Figure 5. PI3K/Akt pathway is involved in BDNF-induced migration and β5 integrin up-regulation in human chondrosarcoma cells.

(A) Cells were incubated with BDNF (50 ng/ml) for the indicated time intervals, and p-p85 and p-Akt was examined by western blotting (n = 5). (B) Cells were pretreated for 30 min with Ly294002 (10 µM), wortmannin (1 µM), and Akt inhibitor (1 µM), or transfected with dominant negative (DN) mutants of p85 and Akt for 24 h, and then allowed to migrate for 24 h toward BDNF (50 ng/ml)-containing medium. In vitro migration was examined using a Transwell assay (n = 4). (C&D) Cells were pretreated for 30 min with Ly294002 (10 µM), wortmannin (1 µM), and Akt inhibitor (1 µM), or transfected with dominant negative (DN) mutants of p85 and Akt for 24 h, followed by stimulation with BDNF. The mRNA and cell-surface β5 integrin expression was examined using qPCR and flow cytometry (n = 5). Cells were pretreated with K252a and TrkB mAb (E) or K252a and Ly294002 (F) for 30 min. This treatment was followed by stimulation with BDNF (50 ng/ml) for 15 min, and p85 (E) and Akt (F) phosphorylation were examined (n = 4). Results are expressed as the mean ± SEM. *, p<0.05 compared with the control. ^#, p<0.05 compared with the BDNF-treated group.

Figure 6. BDNF induces cell migration and β5 integrin up-regulation through NF-κB.

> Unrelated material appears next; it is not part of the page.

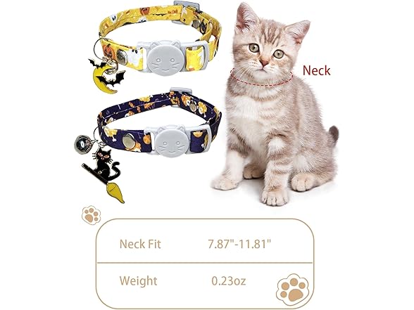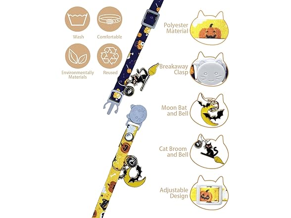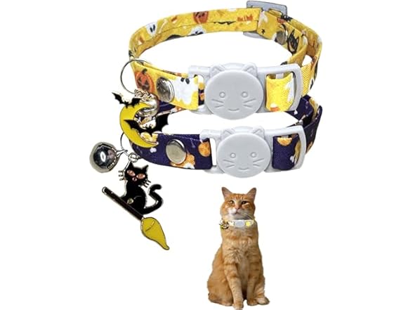 GoldTiger 2 Pack Halloween Cat Collars Breakaway with Pendant and Bell,Adjustable Cat Collars with Safety Buckle,Holiday Cat Collar for Girls and Boys,Adjustable from 7.87"-11.81"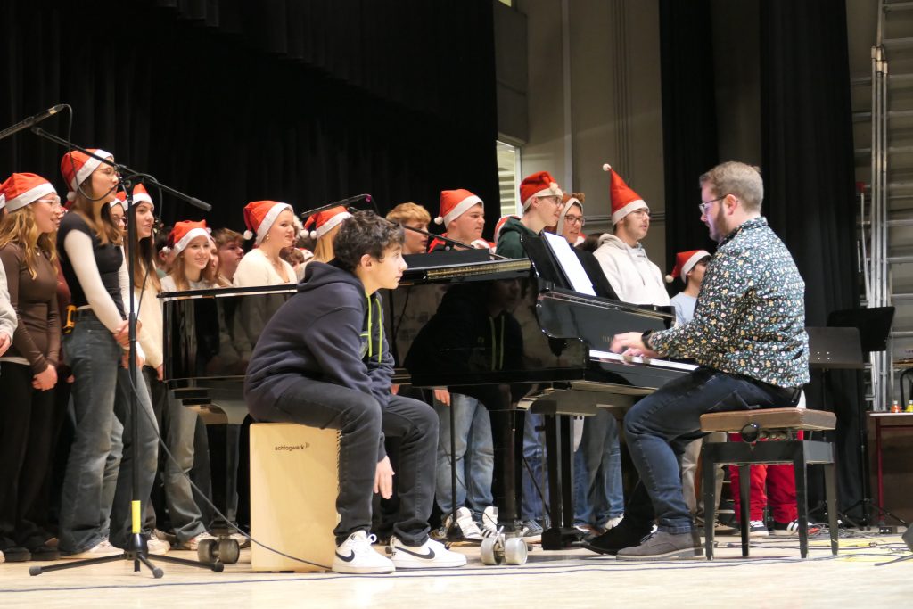 Erfüllt von der Vorfreude auf das Weihnachtsfest war das gesamte Areal der Realschule. Zahlreiche Schülerinnen und Schüler sowie Lehrkräfte, Elternbeirat und Förderverein sorgten bei den vielen Besuchern für festliche Stimmung. In einem ersten Teil wurde den Gästen ein abwechslungsreiches Programm in der Aula geboten. Dort unterhielten verschiedene Chöre und die Schulband die Besucher. Dieser musikalische Teil des gelungenen Abends stand ganz unter der Leitung von Beate Riedel, Thomas Koch, Andrea Becker, Julia Wiechert sowie Stephan Schmidt.

(A) Cells were pretreated for 30 min with PDTC (10 µM) and TPCK (3 µM) or transfected with dominant negative (DN) mutants of IKKα or IKKβ for 24 h, and then allowed to migrate for 24 h toward BDNF (50 ng/ml)-containing medium. In vitro migration was examined using a Transwell assay (n = 5). (B&C) Cells were pretreated for 30 min with PDTC and TPCK or transfected with IKKα or IKKβ mutants for 24 h, followed by stimulation with BDNF. The mRNA and cell-surface β5 integrin expression was examined using qPCR and flow cytometry (n = 4). (D) Cells were incubated with BDNF for the indicated time intervals, and p-IKK, p-IκBα, and p-p65 was examined by western blotting (n = 5). (E) Cells were pretreated for 30 min with Ly294002, wortmannin, and Akt inhibitor, followed by stimulation with BDNF, and p-p65 expression was examined by western blotting (n = 4). Results are expressed as the mean ± SEM. *, p<0.05 compared with the control. ^#, p<0.05 compared with the BDNF-treated group.

Figure 7. TrkB/PI3K/Akt pathway is involved in BDNF-mediated NF-κB activation.

(A&B) Cells were pretreated with Ly294002, wortmannin, Akt inhibitor, PDTC, and TPCK for 30 min or transfected with mutants of p85, Akt, IKKα, and IKKβ before exposure to BDNF. NF-κB luciferase activity was measured, and the results were normalized to β-galactosidase activity and expressed as the mean ± SEM. for 3 independent experiments performed in triplicate (n = 5). (C) Cells were pretreated with Ly294002, wortmannin, and Akt inhibitor for 30 min then stimulated with BDNF for 60 min, and p65 immunofluorescence staining was examined (n = 4). Size bar = 20 µm. Results are expressed as the mean ± SEM. *, p<0.05 compared with the control. ^#, p<0.05 compared with the BDNF-treated group.